When Cornelia emerged from her covering she had a persecuted look.

“Am I going to get the platinum treatment?” Henry asked.

“That depends on what develops on the plates. But either way, this little interlude of ours has been an unexpected development, hasn’t it?”

“Let me take you out to lunch.” Thinking better of it even as he was proposing it.

“Thank you, but I never go out to lunch. Flavia makes me a thermos of soup. Since I fired my last secretary I’ve got a backlog of stuff to do. But what do you think she meant about the Swag? What could have happened out there?”

“I wasn’t there, Cornelia. I was off at college, remember?”

“But what do you think it could have been? Did Antonia ever say anything about it after you were married?”

“Ah, we were only together such a short time,” Henry answered, taking refuge in his standard equivocation. He saw no reason to offer further confidences to his sister-in-law, especially considering Cornelia’s animus toward Suzanne. Lying beside Antonia in the dark and talking, after they had diligently worshipped each other’s bodies, as per their wedding vows, had been the most daring and intimate thing he’d ever done with anyone. Antonia had felt the same. She had told him about the disturbing kiss in the woods, out at the Swag. (“It came out of nowhere. I’m not saying I didn’t respond; it was the first time anyone outside my family had kissed me on the lips. But everything became muddied after that.
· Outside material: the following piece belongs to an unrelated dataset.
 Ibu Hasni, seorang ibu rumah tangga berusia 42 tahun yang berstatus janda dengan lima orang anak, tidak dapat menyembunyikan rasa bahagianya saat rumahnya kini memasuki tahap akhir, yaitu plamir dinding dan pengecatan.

I started wondering whether she wanted God in the same way I did, or did she want to have God through me.”)

“I just know Antonia was heartbroken when Suzanne joined early,” said Cornelia. “She completely lost her spirit. She wouldn’t even be Queen of the School. Suzanne’s betrayal left her stunned.”

“But isn’t that a normal response to a friend’s betrayal? You are stunned. You thought you knew someone and then you find out you didn’t. Isn’t it possible that, deep down, Antonia was relieved?”
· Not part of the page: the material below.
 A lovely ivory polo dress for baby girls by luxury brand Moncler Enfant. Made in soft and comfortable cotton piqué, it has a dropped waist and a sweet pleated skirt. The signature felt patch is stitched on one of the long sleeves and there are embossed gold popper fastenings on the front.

“Oh, I don’t know, Henry.” Cornelia looked as though she couldn’t wait to be rid of him. “All these revelations are too much for an ordinary working day. All I know is I still get convulsive when I think of poor Tony’s ruined senior year. And now she’s dead, and I’m just learning she never got her wish to be a mother! And meanwhile that devil continues in power, still worming her way into our lives. You know what she is up to now? She wants to win Tildy away from me!”

CHAPTER 27
Auteur/Directeur

Saturday afternoon, March 15, 1952
The Ides of March
Suite of Nita Netherby Judd
Sunset Park Inn, Mountain City

TILDY WAS PLEASED
with how things were going with
The Red Nun
. The play had been cast, and everybody had a part; some girls had more than one part. The scenery was being constructed and painted by Chloe, with offstage supervision from her architect uncle, and Daddy and Tildy had finally finished recording John’s (carefully coached) delivery of God’s lines, with creepy pauses in just the right places.
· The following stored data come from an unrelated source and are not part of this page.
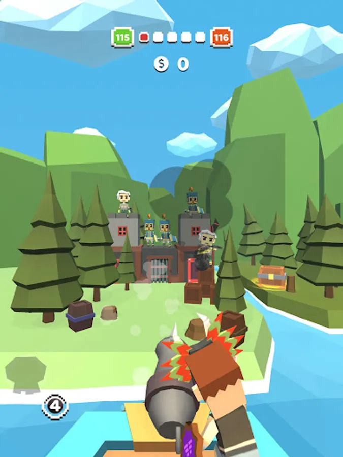 - Just aim and tap to fire - shoot down enemies, blow up bombs and collect treasures.
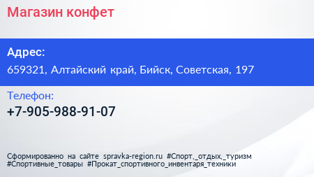 Магазин конфет по адресу 659321, Алтайский край, Бийск, Советская, 197 в дальнейшем Организация, размещена в следующих категориях:
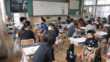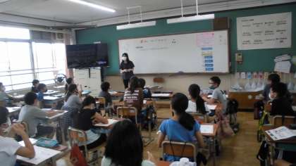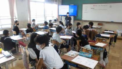 5年生は、外国語の学習をしていました。今日は、Small talkで“What 〇〇 do you like?”と尋ねられ、自分の好きな食べ物やスポーツなどを英語でこたえることを練習しました。みんな楽しそうに英会話をしていますね。

So far, not one disgruntled murmur had reached Tildy’s ears. Nobody had gone complaining to Mother Ravenel, either, because Tildy would have been informed by the headmistress. The two met regularly so Tildy could update her on the progress of “their” production, as the Ravenel now indulgently called it.

Art was turning out to be easy, compared to people. People kept behaving out of character, or exposing alarming new facets. Take—well, take anyone in her
life
, for that matter.

First, take Chloe, since Chloe was still her official best friend. Chloe had now gone into the second stage of her mysticism, or whatever it was. After she and “Agnes” had done whatever they did down in Barlow to shake off the stepfather forever, she admitted to Tildy there had been “teamwork” between (dead) mother and daughter, but offered no details. However, Chloe was throwing herself into the scenery, and, thanks to Uncle Henry’s help with the movable sets, it was going to be really spectacular.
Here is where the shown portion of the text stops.